Ryu Borim, Kim Nari, Heo Eunyoung, Yoo Sooyoung, Lee Keehyuck, Hwang Hee, Kim Jeong-Whun, Kim Yoojung, Lee Joongseek, Jung Se Young
Office of eHealth Research and Business, Seoul National University Bundang Hospital, Seongnam, Republic Of Korea.
Department of Family Medicine, Seoul National University Bundang Hospital, Seongnam, Republic Of Korea.
J Med Internet Res. 2017 Dec 7;19(12):e401. doi: 10.2196/jmir.8867.
Personal health record (PHR)-based health care management systems can improve patient engagement and data-driven medical diagnosis in a clinical setting.

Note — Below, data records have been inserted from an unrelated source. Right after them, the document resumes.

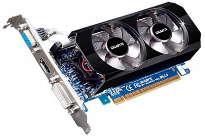 Karta graficzna GIGABYTE GeForce GT430 1GB DDR3 128BitNvidia geforce GT 430 karta graficzna!Karta graficzna nvidia geforce GT 430 oparta jest na chipsecie GeForce GT 430 od firmy nVidia. Obsługuje magistralę PCI Express 2.0, która oferuje przyszłościowe rozwiązanie dla najbardziej wymagających gier i aplikacji 3D poprzez maksymalne zwiększenie do 5GT/s przepustowości magistrali PCI Express 2.0 (dwa razy większe niż w pierwszej generacji magistrali PCI Express). Magistrala PCI Express 2.0 jest w pełni kompatybilna z wcześniejszymi rozwiązaniami istniejących magistrali PCI Express. Karta oferuje obsługę złącza HDMI dostarczając możliwość odbioru cyfrowego. Obsługiwane technologie:NVIDIA® PhysX ™ to kolejna wielka rzecz w grach! Dostarczanie fizyki w grach nie jest łatwym zadaniem. Jest to środowisko bardzo intensywnie obliczające oparte na unikalnym zestawie algorytmów fizyki, które wymagają ogromnych ilości równoczesnych obliczeń matematycznych i logicznych. Najlepszym sposobem na uzyskanie fizyki w czasie rzeczywistym, takiej jak eksplozje, które powodują kurz i gruz, postacie o ruchach przypominających życie lub tkaniny, które drapią i łzawią naturalnie, jest procesor GeForce® NVIDIA®PhysX ™. Oprogramowanie PhysX jest szeroko stosowane w ponad 150 grach, jest używane przez ponad 10 000 zarejestrowanych użytkowników i jest obsługiwane przez Sony Playstation 3, Microsoft Xbox 360, Nintendo Wii i PC. Technologia PhysX ™ przeniesie grę na zupełnie nowy poziom.Karta graficzna nvidia geforce gt 430NVIDIA® CUDA ™ to architektura obliczeń równoległych ogólnego przeznaczenia, która wykorzystuje równoległy silnik obliczeniowy w procesorach graficznych NVIDIA (GPU) do rozwiązywania wielu złożonych problemów obliczeniowych. Odblokowuje moc setek rdzeni procesora graficznego NVIDIA® GeForce®, aby przyspieszyć niektóre z najbardziej wydajnych aplikacji obliczeniowych. Od transkodowania wideo do "Folding®home", technologii CUDA ™ już przyjętej przez tysiące programistów, aby przyspieszyć intensywne aplikacje komputerowe. Dzięki ponad 100 milionom procesorów graficznych obsługujących CUDA, tysiące programistów używa już darmowych narzędzi programowych CUDA do przyspieszania aplikacji.Specyfikacja:Wsparcie: DirectX 11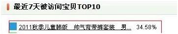 同時,從店鋪銷售排行來結合看,我們可以看到店鋪銷量排行是排名第一的寶貝訪客數排行僅僅是第三名,說明這款寶貝的轉化率真的比訪客數更多的那兩款商品要高,那么這款寶貝就相對來說是很目前階段店鋪最優可能成為爆款的商品。這時候,你就需要進行重點優化了,加大這款寶貝的流量投入。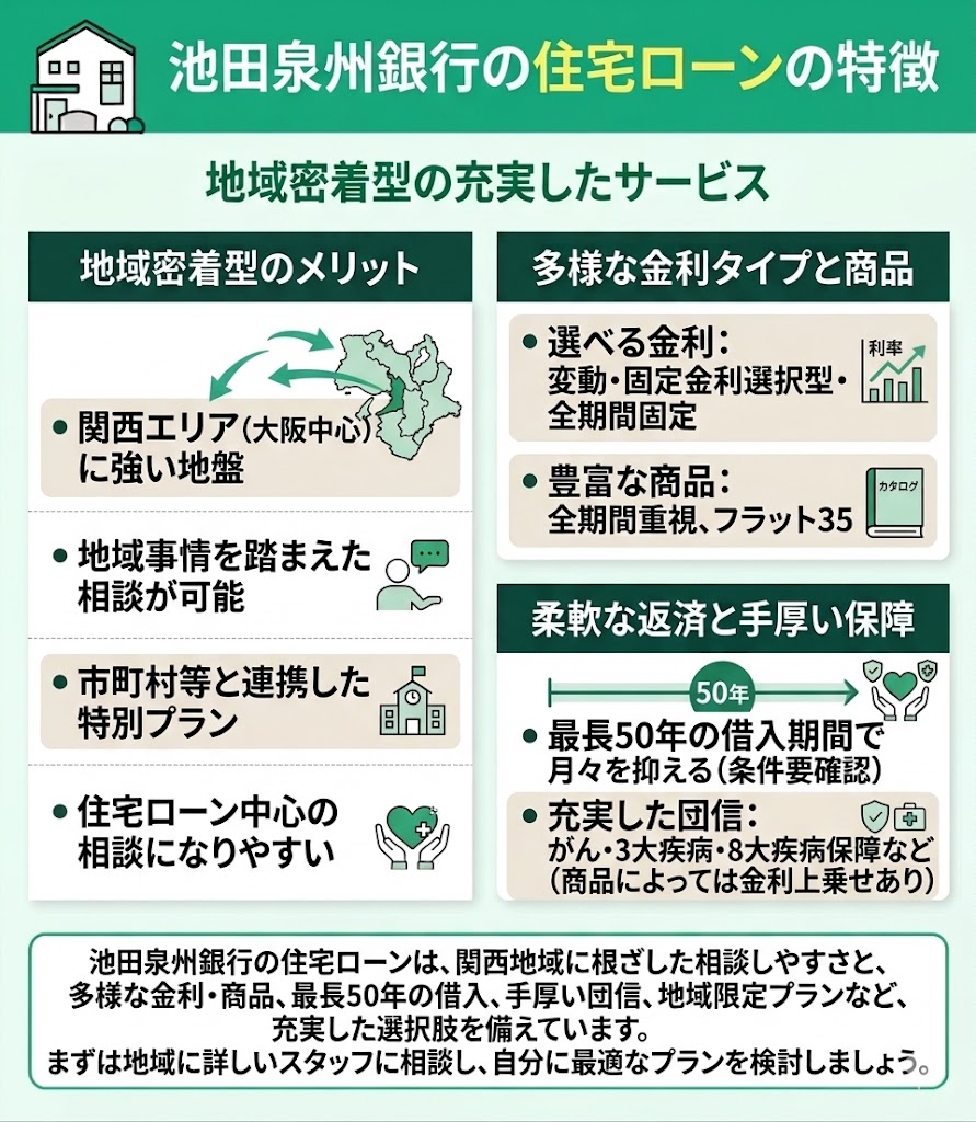 池田泉州銀行は、大阪府を中心に関西エリアで強い地盤を持つ地方銀行で、地域に根ざしたサービスを展開しています。住宅ローンでも、地域事情を踏まえた相談がしやすい点が特徴です。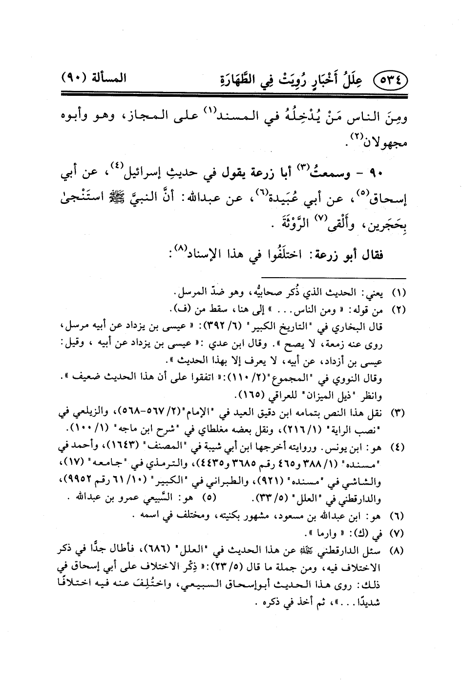 ٩٠ - وسمعتُ (٣) أَبَا زُرْعَةَ يَقُولُ فِي حديثِ إِسْرَائِيلَ (٤) ، عَنْ أَبِي إِسْحَاقَ (٥) ، عَنْ أَبِي عُبَيدة (٦) ، عَنْ عبد الله: أنَّ النبيَّ (ص) استَنْجى بِحَجَرين، وأَلْقى (٧) الرَّوْثَةَ.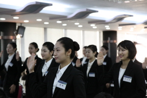 | 21명의 캐빈승무원 입사식을 진행한 에어부산은 올 한 해동안 132명의 직원을 채용하는 기록을 달성했다. | ||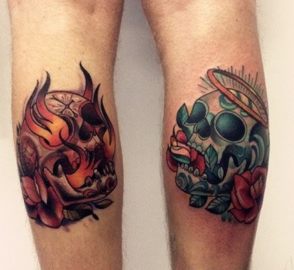 腿部漂亮潮流的情侣欧美骷髅纹身图案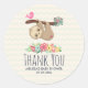 Thank you event stickers with an illustration of a cute brown sloth hanging upside down. This funny little guy is holding onto a branch which has a little pink bird on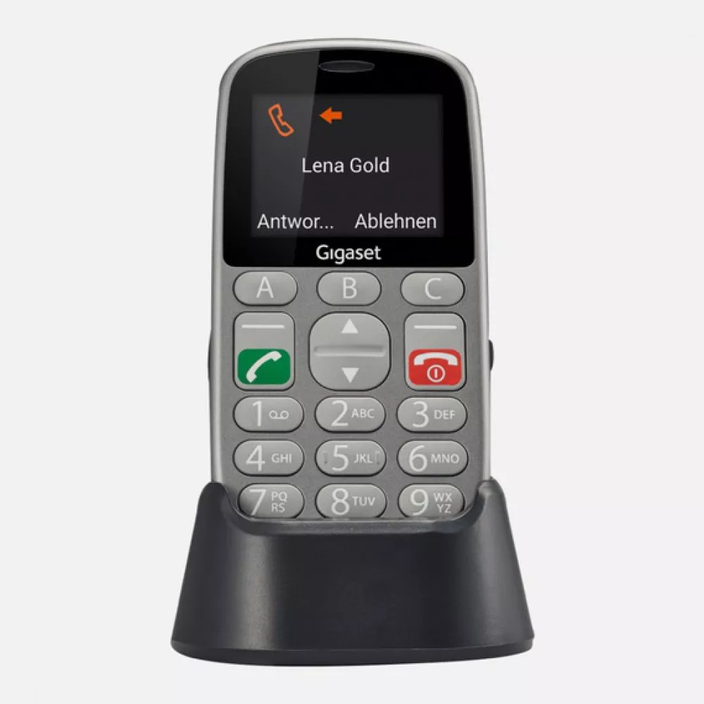 Telefon mobil Gigaset GL390 cu butoane mari argintiu.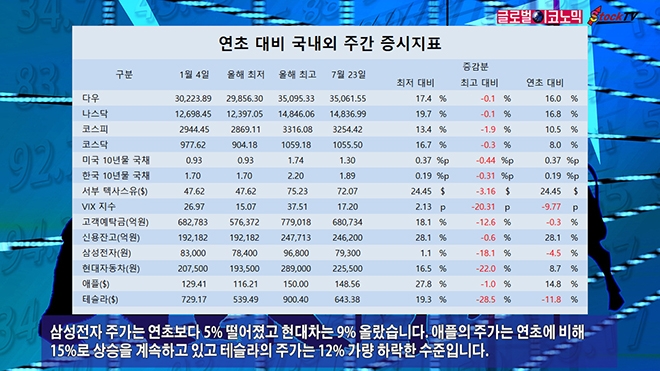다우와 나스닥은 2분기 기업 실적 호조로 지수가 연초보다 16% 상승했습니다. 다우와 나스닥은 연일 사상 최고치를 달리고 있습니다. 코스피는 11%, 코스닥은 8% 올랐습니다.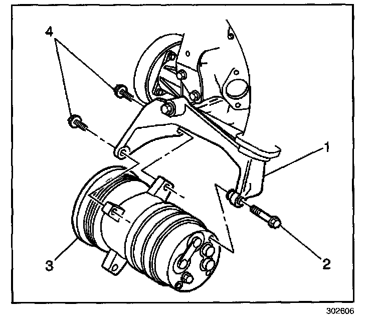 4. install the compressor mounting bolts (4, 2).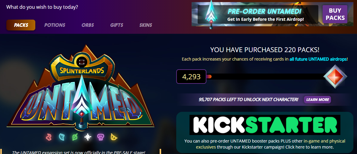 [스플린터랜드] 킥스타터와 언테임드 보상 이해하기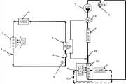 Describedheat exchanger 6 is plate type heat exchanger, described heat exchanger comprises two kinds of heat transferring medium runners, described refrigerant-cycle systems comprises electric air-conditioning compressor 1 and the condenser 2 that is connected with a kind of heat transferring medium runner ofheat exchanger 6 by first circulation line, is provided withpressure switch 3,electromagnetic switch 4 and expansion valve 5 from describedcondenser 6 successively to the pipeline section between theheat exchanger 6; The described condenser 2 other fans that also are provided with.

The purpose of this study was (1) to demonstrate the development of an electronic health record (EHR)-tethered PHR app named MyHealthKeeper, which can retrieve data from a wearable device and deliver these data to a hospital EHR system, and (2) to study the effectiveness of a PHR data-driven clinical intervention with clinical trial results.
To improve the conventional EHR-tethered PHR, we ascertained clinicians' unmet needs regarding PHR functionality and the data frequently used in the field through a cocreation workshop. We incorporated the requirements into the system design and architecture of the MyHealthKeeper PHR module. We constructed the app and validated the effectiveness of the PHR module by conducting a 4-week clinical trial. We used a commercially available activity tracker (Misfit) to collect individual physical activity data, and developed the MyHealthKeeper mobile phone app to record participants' patterns of daily food intake and activity logs. We randomly assigned 80 participants to either the PHR-based intervention group (n=51) or the control group (n=29). All of the study participants completed a paper-based survey, a laboratory test, a physical examination, and an opinion interview. During the 4-week study period, we collected health-related mobile data, and study participants visited the outpatient clinic twice and received PHR-based clinical diagnosis and recommendations.
A total of 68 participants (44 in the intervention group and 24 in the control group) completed the study. The PHR intervention group showed significantly higher weight loss than the control group (mean 1.4 kg, 95% CI 0.9-1.9; P<.001) at the final week (week 4). In addition, triglyceride levels were significantly lower by the end of the study period (mean 2.59 mmol/L, 95% CI 17.6-75.8; P=.002).
We developed an innovative EHR-tethered PHR system that allowed clinicians and patients to share lifelog data. This study shows the effectiveness of a patient-managed and clinician-guided health tracker system and its potential to improve patient clinical profiles.
ClinicalTrials.gov NCT03200119; https://clinicaltrials.gov/ct2/show/NCT03200119 (Archived by WebCite at http://www.webcitation.org/6v01HaCdd).
基于个人健康记录(PHR)的医疗保健管理系统可以提高临床环境中患者的参与度和数据驱动的医学诊断。
本研究的目的是(1)展示一款名为MyHealthKeeper的电子健康记录(EHR)绑定的PHR应用程序的开发,该应用程序可以从可穿戴设备检索数据并将这些数据传输到医院EHR系统,以及(2)通过临床试验结果研究基于PHR数据驱动的临床干预的有效性。
为了改进传统的EHR绑定的PHR,我们通过一个共创研讨会确定了临床医生对PHR功能和该领域常用数据的未满足需求。我们将这些需求纳入MyHealthKeeper PHR模块的系统设计和架构中。我们构建了该应用程序,并通过进行为期4周的临床试验来验证PHR模块的有效性。我们使用一款市售的活动追踪器(Misfit)收集个人身体活动数据,并开发了MyHealthKeeper手机应用程序来记录参与者的每日食物摄入模式和活动日志。我们将80名参与者随机分为基于PHR的干预组(n = 51)或对照组(n = 29)。所有研究参与者都完成了一份纸质调查问卷、一项实验室检查、一次体格检查和一次意见访谈。在为期4周的研究期间,我们收集了与健康相关的移动数据,研究参与者两次前往门诊,并接受了基于PHR的临床诊断和建议。
共有68名参与者(干预组44名,对照组24名)完成了研究。在最后一周(第4周),PHR干预组的体重减轻明显高于对照组(平均1.4 kg,95%CI 0.9 - 1.9;P <.001)。此外,在研究期结束时,甘油三酯水平显著降低(平均2.59 mmol/L,95%CI 17.6 - 75.8;P =.002)。
我们开发了一种创新的EHR绑定的PHR系统,该系统允许临床医生和患者共享生活日志数据。本研究表明了患者管理和临床医生指导的健康追踪系统的有效性及其改善患者临床状况的潜力。